This command is used to create an index file from a demultiplexed .fastq. An index is required to run the other nailpolish commands. The index command supports reads in multiple formats.

Usage

An index file will be created at <file>.fastq.nailpolish.idx.

$ nailpolish index --help
Create an index file from a demultiplexed .fastq

Usage: nailpolish index [OPTIONS] <INPUT> [PRESET]

Arguments:
  <INPUT>
          the input .fastq file

  [PRESET]
          [default: bc-umi]

          Possible values:
          - bc-umi:           @BARCODE_UMI format as produced by Flexiplex for 10x3 chemistry
          - umi-tools:        `_<UMI>` format as produced by `umi-tools extract`
          - illumina:         bcl2fastq format, which has `:<UMI>` at the end of the read ID
          - sam-tagged-cb-ub: .sam tag format with barcode and UMI (CB:Z and UB:Z tags)
          - sam-tagged-cb:    .sam tag format with barcode only (CB:Z tag)

Options:
      --overwrite
          overwrite an existing index file, if it exists

      --clusters <CLUSTERS>
          use a file containing pre-clustered reads. the file must be semicolon-delimited
          with a header line, where the first column is the read ID and subsequent columns
          are tag names. for example:
            read_id;CB;UB
            READ_HEADER_1;BARCODE1;UMI1

      --barcode-regex <BARCODE_REGEX>
          barcode regex format type, for custom header styles. this will override the preset given.
          for example, for the `bc-umi` preset:
              ^(?<CB>[ATCGNX]{16})_(?<UB>[ATCGNX]{12})

      --skip-unmatched
          skip, instead of error, on reads which are not accounted for:
          - if a cluster file is passed, any reads which are not in any cluster
          - if a barcode regex or preset is used (default), any reads which do not match the regex

  -h, --help
          Print help (see a summary with '-h')

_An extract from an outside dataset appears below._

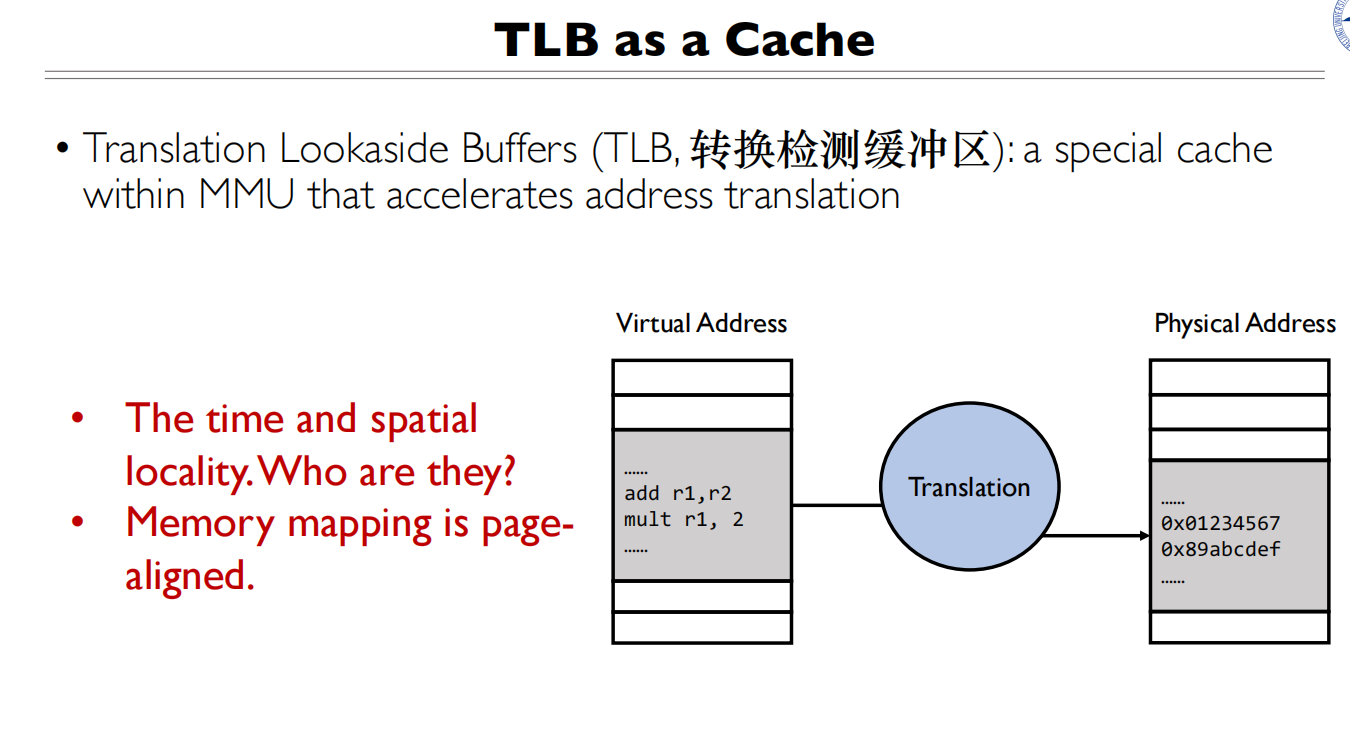 - TLB是一个缓存,存储最近使用的虚拟地址到物理地址的映射

Indexing different file types

Flexiplex output

If your reads were demultiplexed with Flexiplex (Cheng et al. 2024), use the default bc-umi preset:

nailpolish index reads.fastq
# equivalent to:
nailpolish index reads.fastq bc-umi

Read headers are expected to look like ATCGATCGATCGATCG_ATCGATCGATCG (16 bp barcode + 12 bp UMI).

SAM/BAM-tagged reads

If your reads come from an alignment pipeline that annotates reads with SAM tags, use one of the SAM presets:

# reads tagged with both CB (cell barcode) and UB (UMI)
nailpolish index reads.fastq sam-tagged-cb-ub

# reads tagged with CB only (no UMI)
nailpolish index reads.fastq sam-tagged-cb

These presets extract tags from the read comment field, which in FASTQ format carries the SAM auxiliary tags (e.g., \t:CB:Z:ATCGATCG\t:UB:Z:TTTTTTTT).

Pre-clustered reads from isONclust

If you have already clustered reads with an external tool such as isONclust, use the --clusters option. nailpolish can then perform consensus calling on these clusters, which is significantly faster than calling the spoa binary in a loop since it uses the same library under the hood.

isONclust produces output in the format cluster_id<tab>read_header. Convert it to the cluster file format expected by nailpolish using awk:

awk 'BEGIN{print "read_id;UB"} {print $2";"$1}' isonclust_clusters.tsv > clusters.txt
nailpolish index --clusters clusters.txt reads.fastq

Here, the cluster ID is used as the UB tag (effectively treated as the grouping key).

Reading the index

Presets

Five presets are bundled with nailpolish for common barcode formats. These are useful when the header of each read contains information about the barcode.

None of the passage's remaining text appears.